> Information shown:
════

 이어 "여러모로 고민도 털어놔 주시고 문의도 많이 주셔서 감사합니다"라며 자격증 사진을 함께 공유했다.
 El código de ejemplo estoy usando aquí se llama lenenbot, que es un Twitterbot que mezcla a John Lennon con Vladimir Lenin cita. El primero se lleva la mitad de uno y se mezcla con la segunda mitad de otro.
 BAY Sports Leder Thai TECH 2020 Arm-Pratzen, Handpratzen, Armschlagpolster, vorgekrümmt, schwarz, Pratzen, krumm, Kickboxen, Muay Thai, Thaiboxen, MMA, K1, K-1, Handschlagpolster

════

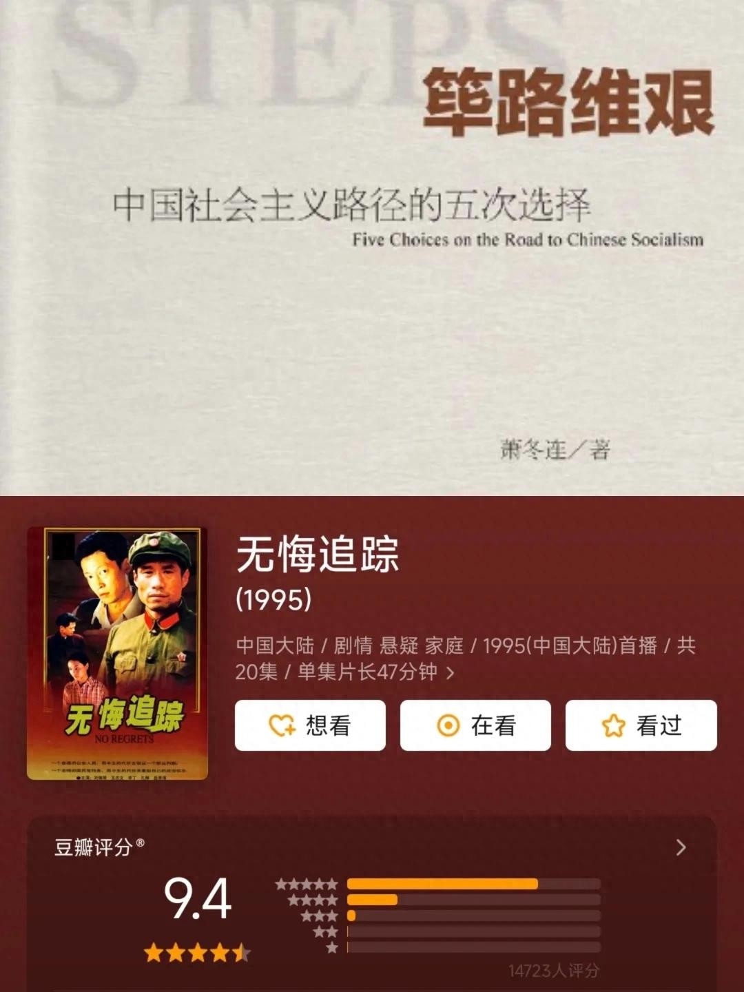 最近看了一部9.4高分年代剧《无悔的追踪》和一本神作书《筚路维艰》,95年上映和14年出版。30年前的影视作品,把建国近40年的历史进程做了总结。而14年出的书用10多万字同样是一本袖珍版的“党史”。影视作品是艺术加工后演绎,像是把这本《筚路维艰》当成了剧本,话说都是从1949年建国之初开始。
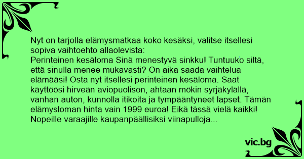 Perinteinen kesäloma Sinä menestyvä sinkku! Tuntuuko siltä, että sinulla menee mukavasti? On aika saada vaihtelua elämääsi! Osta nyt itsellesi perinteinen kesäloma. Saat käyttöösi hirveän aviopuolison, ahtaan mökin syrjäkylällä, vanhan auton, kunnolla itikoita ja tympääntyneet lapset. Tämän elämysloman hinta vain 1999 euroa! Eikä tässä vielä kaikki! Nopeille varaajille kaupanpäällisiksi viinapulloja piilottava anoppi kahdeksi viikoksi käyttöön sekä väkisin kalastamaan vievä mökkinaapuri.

════

> Problem to solve: Only the lines above from the line with "사진을 함께 공유했다." to the line with "El código de", those two lines included, should be reproduced exactly.

> Solution to the problem:
 이어 "여러모로 고민도 털어놔 주시고 문의도 많이 주셔서 감사합니다"라며 자격증 사진을 함께 공유했다.
 El código de ejemplo estoy usando aquí se llama lenenbot, que es un Twitterbot que mezcla a John Lennon con Vladimir Lenin cita. El primero se lleva la mitad de uno y se mezcla con la segunda mitad de otro.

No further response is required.